Erika Check Hayden discusses the conflict between private data and research

The economists' work was widely hailed in education-policy circles, and US President Barack Obama cited it in his 2012 State of the Union address when he called for more investment in teacher training.

But for many social scientists, the most impressive thing was that the authors had been able to examine US federal tax returns: a closely guarded data set that was then available to researchers only with tight restrictions. This has made the study an emblem for both the challenges and the enormous potential power of 'administrative data' — information collected during routine provision of services, including tax returns, records of welfare benefits, data on visits to doctors and hospitals, and criminal records. Unlike Internet searches, social-media posts and the rest of the digital trails that people establish in their daily lives, administrative data cover entire populations with minimal self-selection effects: in the US census, for example, everyone sampled is required by law to respond and tell the truth.

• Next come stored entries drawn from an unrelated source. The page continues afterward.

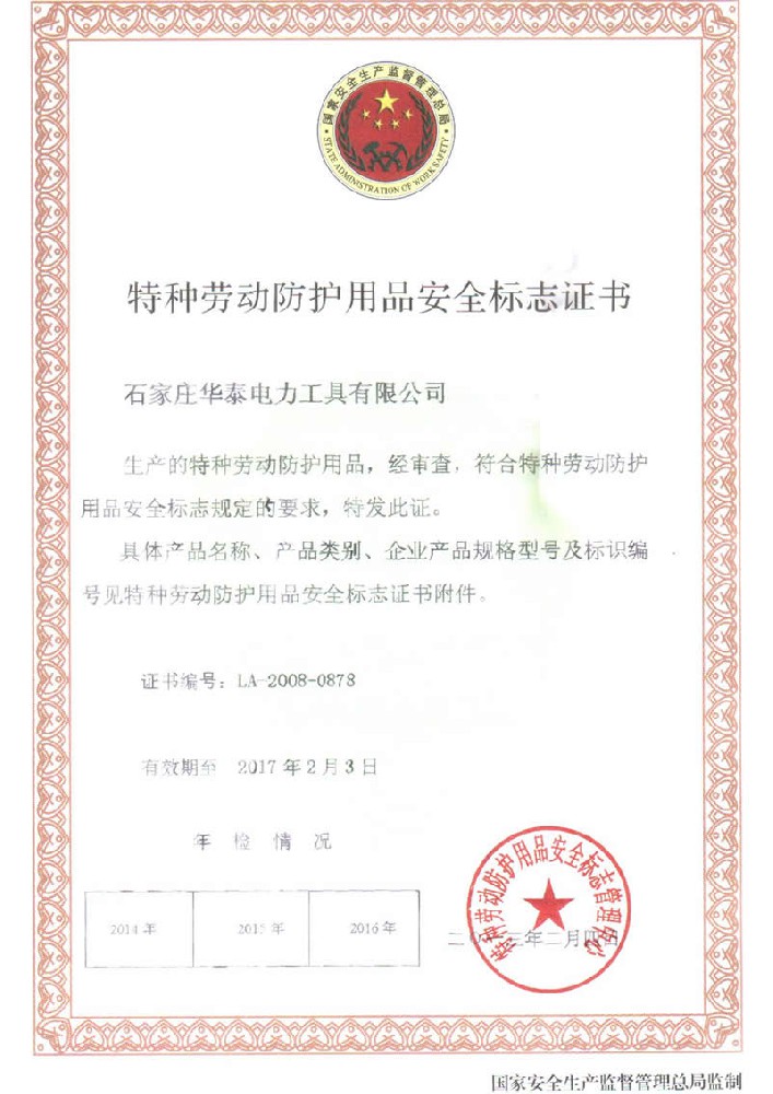 特種勞動(dòng)防護(hù)用品安全標(biāo)志證書
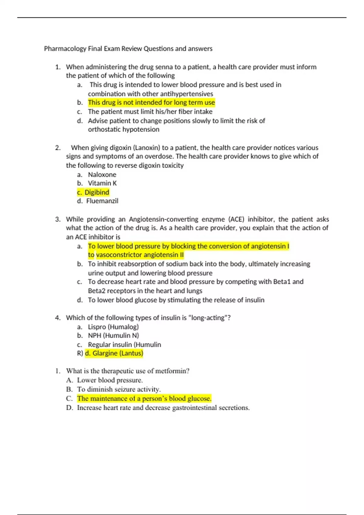 Pharmacology Final Exam Review Questions and answers 1. When administering the drug senna to a patient, a health care provider must inform the patient of which of the following a. This drug is intended to lower blood pressure and is best used in combination with other antihypertensives b. This drug is not intended for long term use c. The patient must limit his/her fiber intake d. Advise patient to change positions slowly to limit the risk of orthostatic hypotension 2. When giving digoxin (Lanoxin) to a patient, the health care provider notices various signs and symptoms of an overdose. The health care provider knows to give which of the following to reverse digoxin toxicity a. Naloxone b. Vitamin K c. Digibind d. Fluemanzil 3. While providing an Angiotensin-converting enzyme (ACE) inhibitor, the patient asks what the action of the drug is. As a health care provider, you explain that the action of an ACE inhibitor is a. To lower blood pressure by blocking the conversion of angiotensin I to vasoconstrictor angiotensin II b. To inhibit reabsorption of sodium back into the body, ultimately increasing urine output and lowering blood pressure c. To decrease heart rate and blood pressure by competing with Beta1 and Beta2 receptors in the heart and lungs d. To lower blood glucose by stimulating the release of insulin 4. Which of the following types of insulin is “long-acting”? a. Lispro (Humalog) b. NPH (Humulin N) c. Regular insulin (Humulin R) d. Glargine (Lantus) 1. What is the therapeutic use of metformin? A. Lower blood pressure. B. To diminish seizure activity. C. The maintenance of a person’s blood glucose. D. Increase heart rate and decrease gastrointestinal secretions.
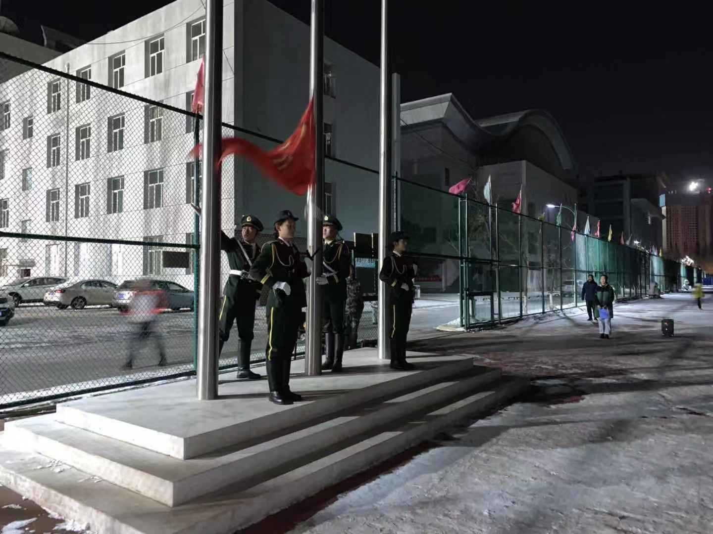 12月4日早晨6点50分,国旗班组织升国旗仪式,政治与法律学院学生进行了国旗下的演讲和宪法晨读;
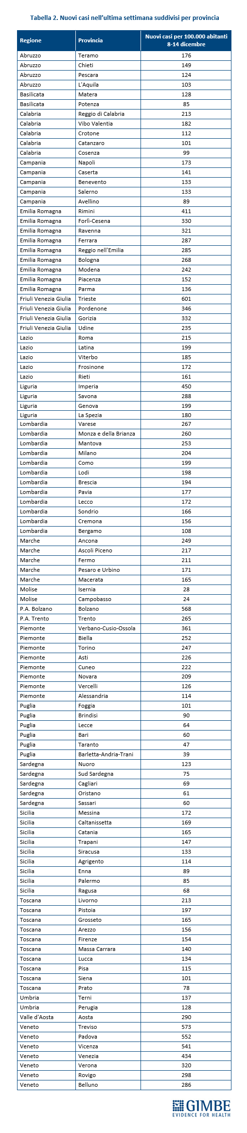 In 26 Province l’incidenza supera i 250 casi per 100.000 abitanti: Trieste (601), Treviso (573), Bolzano (568), Padova (552), Vicenza (541), Imperia (450), Venezia (434), Rimini 411), Verbano-Cusio-Ossola (361), Pordenone (346), Gorizia (332), Forlì-Cesena (330), Ravenna (321), Verona (320), Rovigo (298), Aosta (290), Savona (288), Ferrara (287), Belluno (286), Reggio nell'Emilia (285), Bologna (268), Varese (267), Trento (265), Monza e della Brianza (260), Mantova (253) e Biella (252) (tabella 2). In aumento anche i decessi: 663 negli ultimi 7 giorni (di cui 21 riferiti a periodi precedenti), con una media di 95 al giorno rispetto agli 80 della settimana precedente.
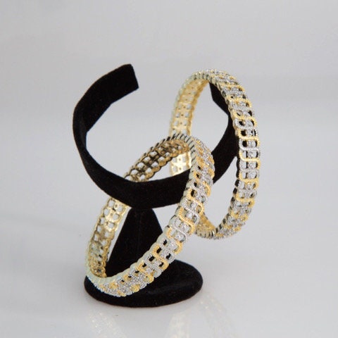 Gold plated Topaz stone Bangles | Floral Design American diamond bracelet and bangles | pair of Bollywood style Bangles from Indian Designs

This puts administrative data sets at the frontier of social science, says John Friedman, an economist at Brown University in Providence, Rhode Island, and one of the lead authors of the education study1. “They allow researchers to not just get at old questions in a new way,” he says, “but to come at problems that were completely impossible before.”

Probing the population

In the past few years, administrative data have been used to investigate issues ranging from the side effects of vaccines2 to the lasting impact of a child's neighbourhood on his or her ability to earn and prosper as an adult3. Proponents say that these rich information sources could greatly improve how governments measure the effectiveness of social programmes such as providing stipends to help families move to more resource-rich neighbourhoods.

But there is also concern that the rush to use these data could pose new threats to citizens' privacy. “The types of protections that we're used to thinking about have been based on the twin pillars of anonymity and informed consent, and neither of those hold in this new world,” says Julia Lane, an economist at New York University. In 2013, for instance, researchers showed that they could uncover the identities of supposedly anonymous participants in a genetic study simply by cross-referencing their data with publicly available genealogical information.

Many people are looking for ways to address these concerns without inhibiting research. Suggested solutions include policy measures, such as an international code of conduct for data privacy, and technical methods that allow the use of the data while protecting privacy. Crucially, notes Lane, although preserving privacy sometimes complicates researchers' lives, it is necessary to uphold the public trust that makes the work possible.

“Difficulty in access is a feature, not a bug,” she says. “It should be hard to get access to data, but it's very important that such access be made possible.”

It should be hard to get access to data, but it's very important that such access be made possible.

Many nations collect administrative data on a massive scale, but only a few, notably in northern Europe, have so far made it easy for researchers to use those data.

In Denmark, for instance, every newborn child is assigned a unique identification number that tracks his or her lifelong interactions with the country's free health-care system and almost every other government service. In 2002, researchers used data gathered through this identification system to retrospectively analyse the vaccination and health status of almost every child born in the country from 1991 to 1998 — 537,000 in all. At the time, it was the largest study ever to disprove2 the now-debunked link between measles vaccination and autism.

Other countries have begun to catch up. In 2012, for instance, Britain launched the unified UK Data Service to facilitate research access to data from the country's census and other surveys. A year later, the service added a new Administrative Data Research Network, which has centres in England, Scotland, Northern Ireland and Wales to provide secure environments for researchers to access anonymized administrative data.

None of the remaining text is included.